ARKA BAHÇEM


Küçüktük, ellerimizden kayıp gitmişti zaman,  büyüyünce anlıyor insan, orta yaşa gelince daha bir hüzünlü oluyor sanki. Bir el serpiştiriyor hüzün zerreciklerini başımızdan aşağı. Hareket ettikçe uçuşan zerrecikler gidip konuveriyor bir başkasının üzerine.

     Ağır bir imtihandan geçtiklerini bilerek yaşayanların aksine her şey sabırsız şimdilerde. İnsanlar sabırsız, vasıtalar sabırsız, binalar ve duygular sabırsız, her şey sanki kendi sonuna bir an önce ulaşmak istiyor gibi çatlarcasına koşuyor sonuna doğru. Hayat yolunda hızla geçerken atladığı anıları, acıları ve hayata dair her şeyi de ağır ağır yaşadığı bir ölüm anında hatırlıyor belki de insan.

    Biz kısa yolculuklar yapanlar için çok uzun geliyor bazen hayat, bazen de bir an... Can kuşumuz uçacak gibi pür dikkat dinlediğimiz imam efendinin okuduğu sela, uzaklaştırıyor sevdiklerimizi bizden. Gülüşler acı, bakışlar yorgun ve gönül terazimizde bulunan manevi ağırlığı bir soruyla kaldırıp atıveriyoruz küfeye "nasıl bilirdiniz?"
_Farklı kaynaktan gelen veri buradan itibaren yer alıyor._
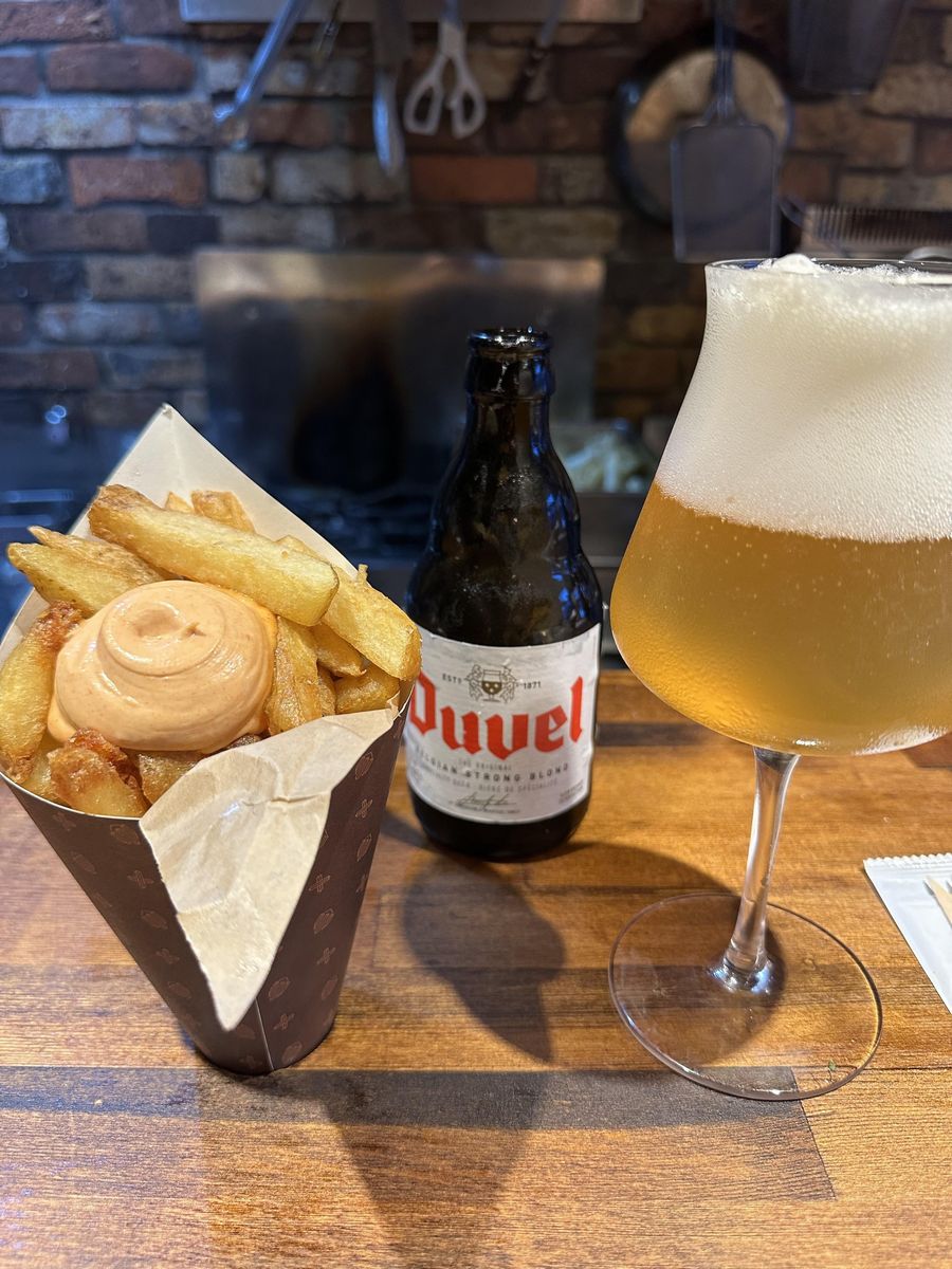 フライドポテトとビールは浅草のフリッツ・ブルージュというベルギー大使館公認の店のもの

    İşte bak bir önceki paragrafta bitti hayat. Taptaze umutlarla yeşerttiğimiz cesaretimizi kaç kez daha korkak gibi köşeyi dönmeden koyacağız cebimize, kaç kez hayatı 12 den vuramama korkusuyla geçeceğiz atış poligonunun önünden, kaç kez daha arka bahçemize atacağız ertelenen umutları? Deneseydik şu canına yandığımın dünyasında bir atışı belki böylesine kurumaya yüz tutmuş umutlar ekmezdik arka bahçemize.

   Planlar, şımarıklıklar, ihtiyaçlar; sınırsız olan istekler burada yarıda kalıyor her zaman. Ebediyyen bir hayat başlıyor bu oyunlar sonrası ve bir anda korkuların ardına saklanıveriyor samimi gülüşler, dünyada yapamadığım havf ve reca sıratının üzerinde sendeliyorum bir mağfir ve yüzlerde acı bir tebessüm yüzde doksanının. İnsanların soğuk bakışları yakıyor yüzümün değen kısımlarını, kışın yalancı kış güneşi gibi üşütüyor bedenimi.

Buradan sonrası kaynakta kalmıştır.